Identity

As a parent of a child with significant medical needs I considered it my job to determine when H was old enough to know about his rare syndrome. I expertly dodged strangers who would approach me at Target or the grocery store and ask what was wrong with H. When I gave them a dirty look they would add, “I’m a para and I work with kids with special needs” as though that were enough to give them the right to inquire about my son’s medical information. I usually told them the same thing a second grader said when his Mom asked him what was wrong with H. “What do you mean? There’s nothing wrong with H.” I didn’t want H to be defined by a diagnosis that represented his tough medical journey. I thought the time to tell him would come to me through wisdom but H decided in middle school it was time. 

 

As H walked through the door after school he announced “Mom, I have autism”.

“No, H you don’t.”

“Yes, I do. I have autism.”

“No, you don’t. Why do you think you have autism?”

“Yes, I do, B told me”

B is H’s best friend, and has Down syndrome.

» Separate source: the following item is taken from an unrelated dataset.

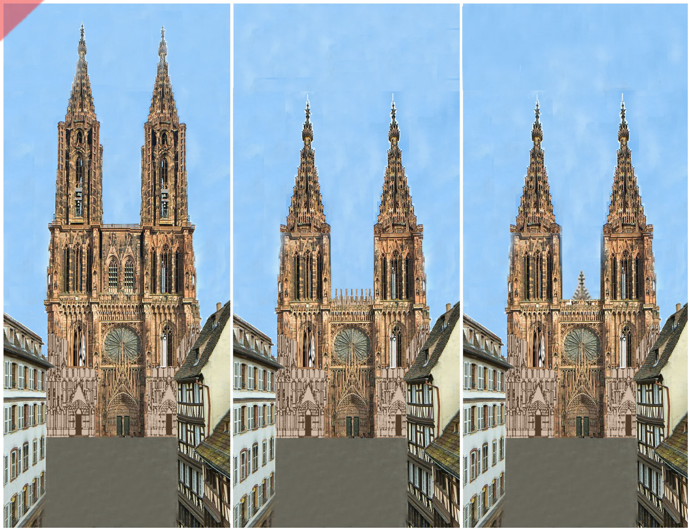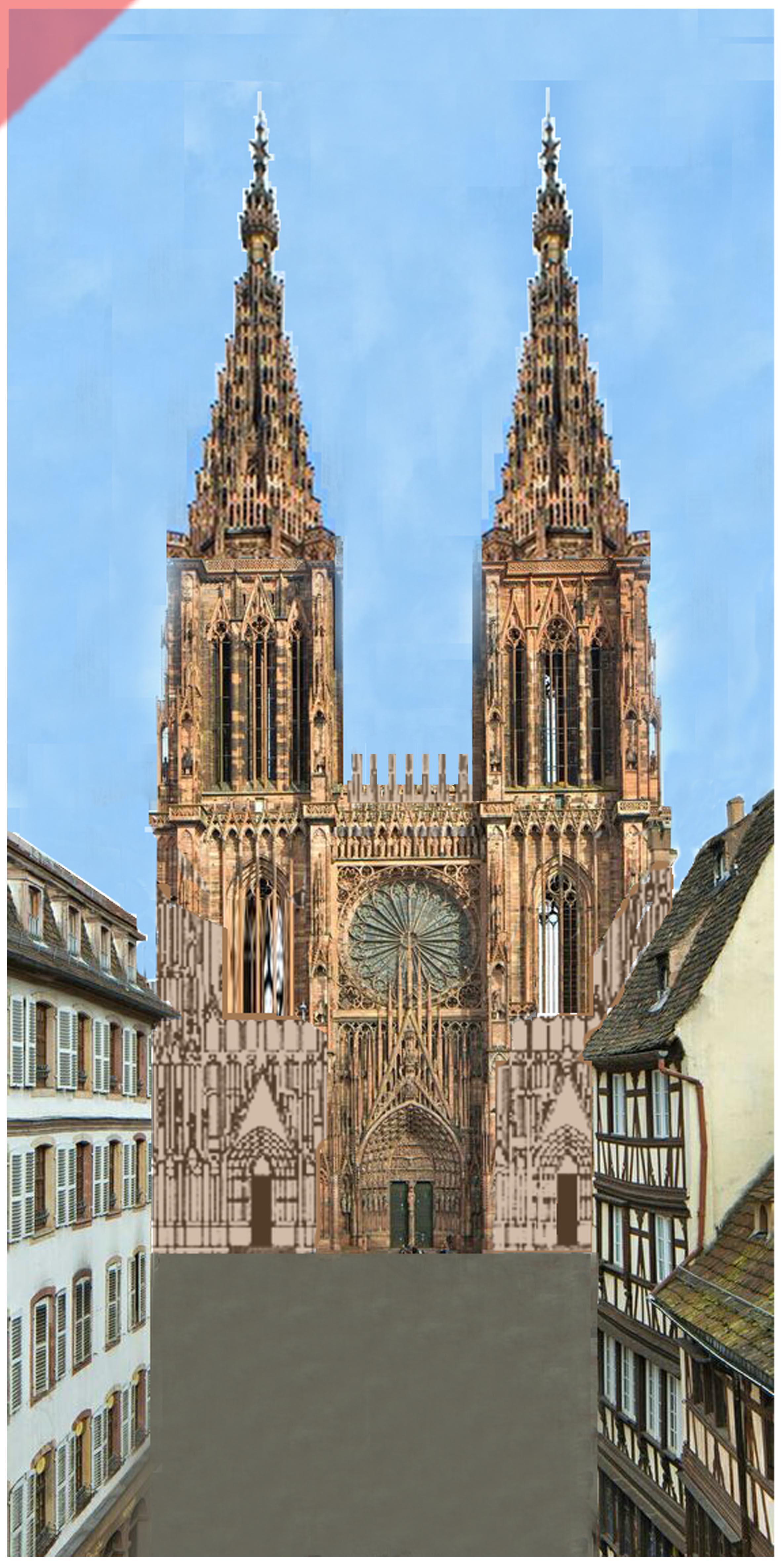 Auch zur Kathedrale (bzw. dem vormaligen deutschen Münster) von Straßburg können wir neue Motive anbieten: Neben einer Simulation der kompletten Westfassade (mit zwei Türmen) neuartige Visualisierungen für eine niedrigere Westfassade. Wir erweiterten optisch den Blick auf die Westfassade – und entfernten hierfür auf den Fotos links und rechts Gebäude. Und bauten Teile des originalen Fassadenplans aus dem 13. Jahrhundert ein.
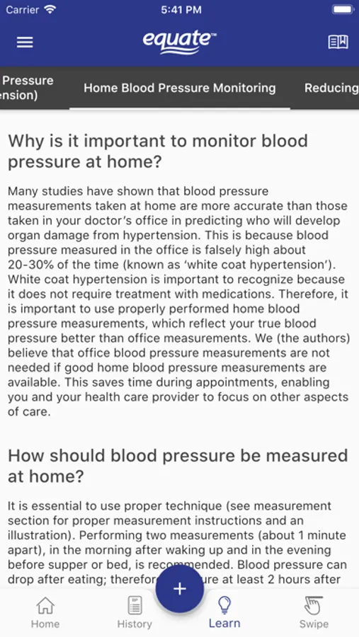 • Rapidly and efficiently calculate blood pressure averages with our Swipe Averaging™ feature. Bring your phone to your next appointment with your physician or pharmacist, and they can use Swipe Averaging™ to quickly and easily assess your blood pressure for clinical decision making.

“H, I am well aware of your medical history and you have not been diagnosed with autism.”

“Are you calling B a liar?”

“No, I think she truly believes that is what you have, but you don’t”

“FINE!" And as he marched off to his room he hollered back. "Then I have Down syndrome!”

 

H now knows. He talks about Lowe syndrome like it is just another part of who he is. And in all that makes up the fabulous human being that is H, I guess it is.